Ельченко сбросил разгрузочный жилет, вжикнул центральной застежкой-молнией, выпростал руки из комбинезона. Сразу стала хороша видна рана на шее под левым ухом — кровь успела свернуться, вокруг образовалась фиолетовая припухлость. Красовский дождался, пока Ельченко разоблачится до трусов, шагнул к нему и в одно быстрое движение медицинскими ножницами отстриг кусочек мышечной ткани в месте укуса. Майор ойкнул и дернулся. Потекла тонкая струйка крови, и Красовский подхватил ее дезинфицирующей салфеткой. Затем передал пробу Смирнову, и тот ушел вглубь лаборатории, к центрифуге, чтобы провести экспресс-анализ.
— Чувствуешь боль? — спросил Красовский. — Уже хорошо...
— Не утешай меня, док, — отозвался Ельченко. — Я ж знаю, что шанса нет. В шею ведь быстрее, да? Ближе к мозгу? Значит, вечером обращусь...
— Шанс есть всегда! — наставительно сказал Красовский. — Наука не выносит приговор, если нет надежных доказательств.
В лаборатории появился хмурый Янин.
— Зачем пришли? — злобно вскинулся Красовский. — Вы и так, млять, помогли, чем смогли!
— Не сердись, док, — попросил Ельченко. — Полковник не виноват. Мы же сами туда пошли. И сами спалились. Тут совсем другая организация нужна... Не наша самодеятельность...

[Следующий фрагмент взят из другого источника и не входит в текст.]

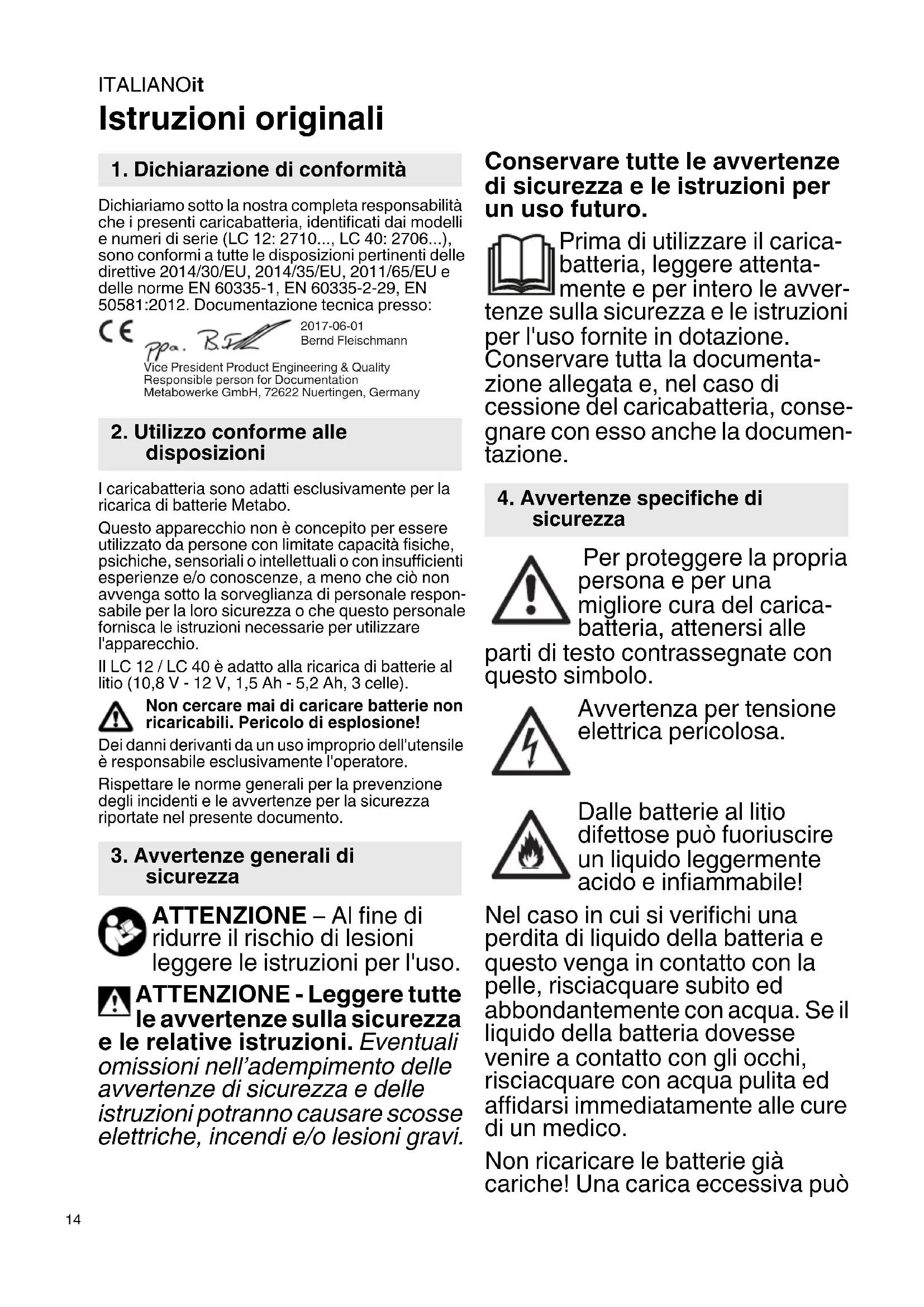 Dichiariamo sotto la nostra completeness che i presenti caricabatteria, identificati dai modelli e numero di series (LC 12: 2710..., LC 40: 2706...), sono conformi a tutte le disposizioni pertinenti delle direttive 2014/30/EU, 2014/35/EU, 2011/65/EU e delle norme EN 60335-1, EN 60335-2-29, EN 50581:2012. Documentazione tecnica presso:
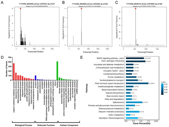 T-plots of target lncRNAs of the miRNAs and functional analysis of target mRNAs of the miRNAs affected by lncRNAs. (A) T-plots of ana-miR1507a-5p-TCONS00054565. The red dot indicates the cleavage site. (B) T-plots of ana-miR1509a-5p-TCONS00049699. The red dot indicates the cleavage site. (C) T-plots of ana-miR1509b-5p-TCONS00025376. The red dot indicates the cleavage site. (D) GO term classification of targets. The x-axis indicates GO terms, and y-axis indicates the number of genes. The red bar charts represent the biological process, the blue bar charts indicate the molecular function, and the green bar charts represent the cellular component. (E) KEGG pathways analysis of targets (top 20). The x-axis represents the percentage of genes, and the y-axis indicates the pathways.
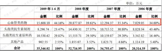 信立泰2009年9月于A股上市,上市前主要营收来自于心血管类药物和抗生素类药物,心血管类药物占到40%左右。
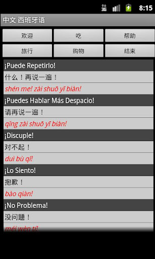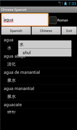 西班牙語普通話 - 中國(拼音)詞典 - 旅行字典翻譯西班牙語普通話顯示一個字漢語拼音(漢語拼音)普通話或普通話字符列表。這本字典也從普通話或普通話拼音譯成西班牙語的翻譯。從反向翻譯的翻譯列表複製一個字可以用來尋找同義詞,了解更廣泛地使用西班牙語的普通話字。雖然西班牙的國語辭典不提供定義或例子,在這樣的翻譯軟件的使用提供了機制,以更好地了解在西班牙的情況下普通話的話,而不需要的定義。 35K參考。
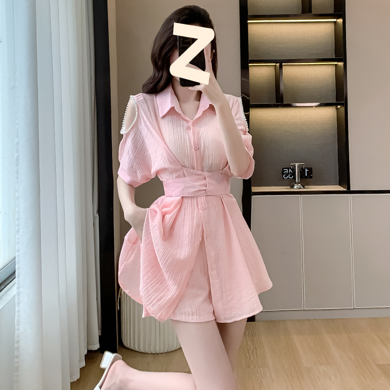 シングル/セット 2025 夏スリムパールオフショルダーシャツとショートパンツのツーピースセット日焼け止めデザイントレンディ
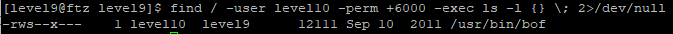 find / -user level10 -perm +6000 -exec ls -l {} \; 2>/dev/null
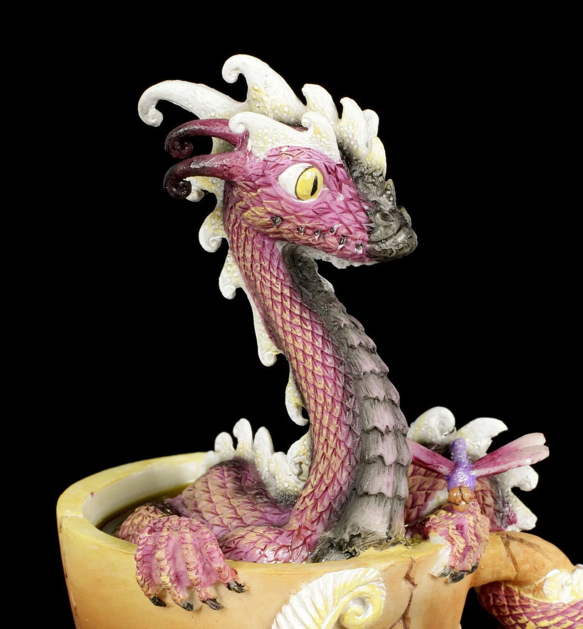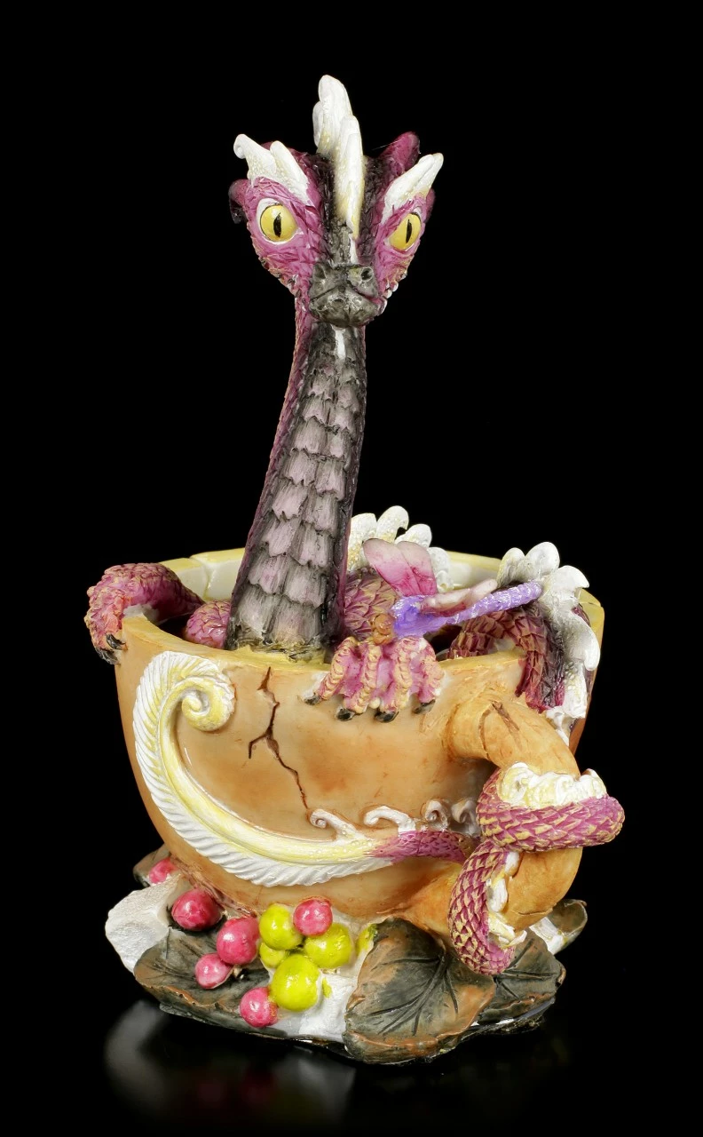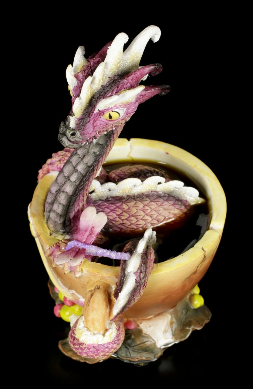 Kaffee, Kaffee muss ich haben…. Der kleine lila Drache Coffee Dragon schmettert die Kaffeekantate von Johann Sebastian Bach so laut, dass die Tasse einen Sprung bekommt. Der lustige Drache des bekannten Künstlers Stanley Morrison ist für einen Drachen Sammler ein Must Have. Der süße Drache liebt Kaffee über alles (Sie auch?!) und damit sein Tag gleich gut startet, badet er täglich in einer Tasse starkem Kaffee. Die handbemalte Figur aus Kunststein (Polyresin) ist einfach wundervoll anzusehen.
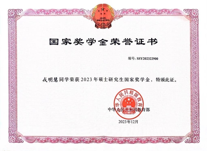 戎明慧表現(xiàn)優(yōu)異,成績名列前茅,綜合考評連續(xù)兩年位居班級第一,并榮獲2023年國家獎學金、2022年和2023年校學業(yè)一等獎學金,于2023年光榮地加入了中國共產(chǎn)黨。
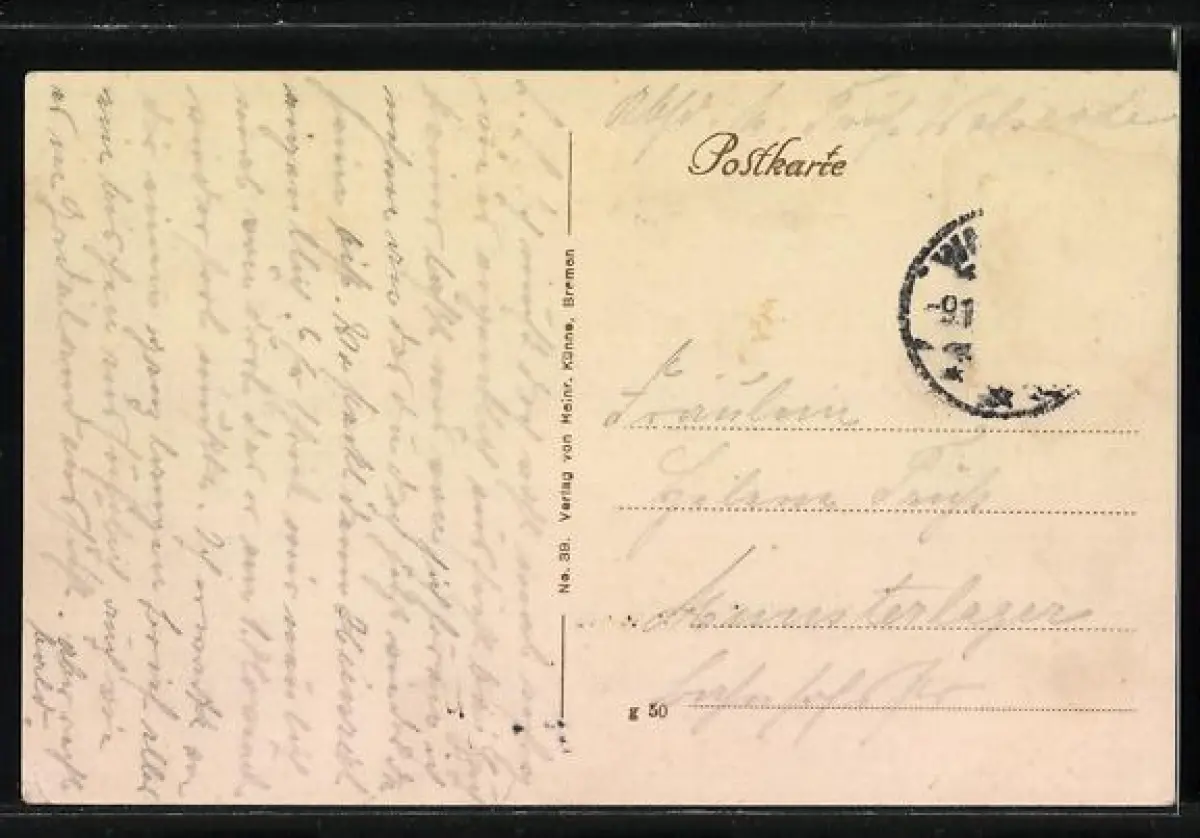 alte Ansichtskarte, gelaufen, Briefmarke entfernt, guter Zustand
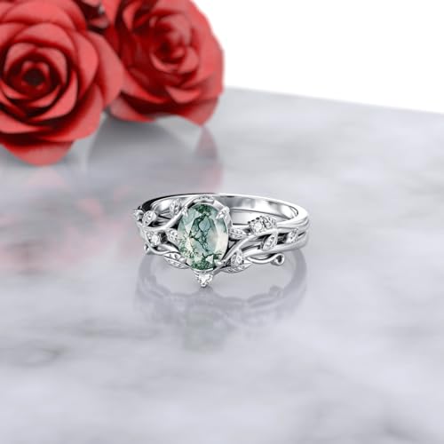Natural Moss Agate Ring for Women 925 Sterling Silver Pear/Oval/Kite Cut Green Leaf Moss Agate Engagement Ring Promise Bridal Ring Set Anniversary Birthday Jewelry Gift-OMN9

— Уважаю, товарищ гвардии майор, за твердость, — сказал Янин. — И сожалею о потерях.
— Хотел бы сказать, что служу России, — ответил Ельченко, вновь криво ухмыльнувшись. — Но где теперь Россия?
— Россия сохранится, товарищ майор, — пообещал Янин с возвышенной ноткой. — Ваша жертва не будет напрасной. Мы уходим на север, но обязательно вернемся и изгоним нечисть с нашей земли. И не таких врагов побеждали!
— Что за чушь вы городите? — возмутился Красовский. — Какие враги?! Это же наши люди! Да, ими управляет паразит. Но, черт возьми, паразита войной не победишь. С ним справится только наука...
— Не надо, док, — вновь остановил его Ельченко. — Полковник хорошо говорит, мне нравится.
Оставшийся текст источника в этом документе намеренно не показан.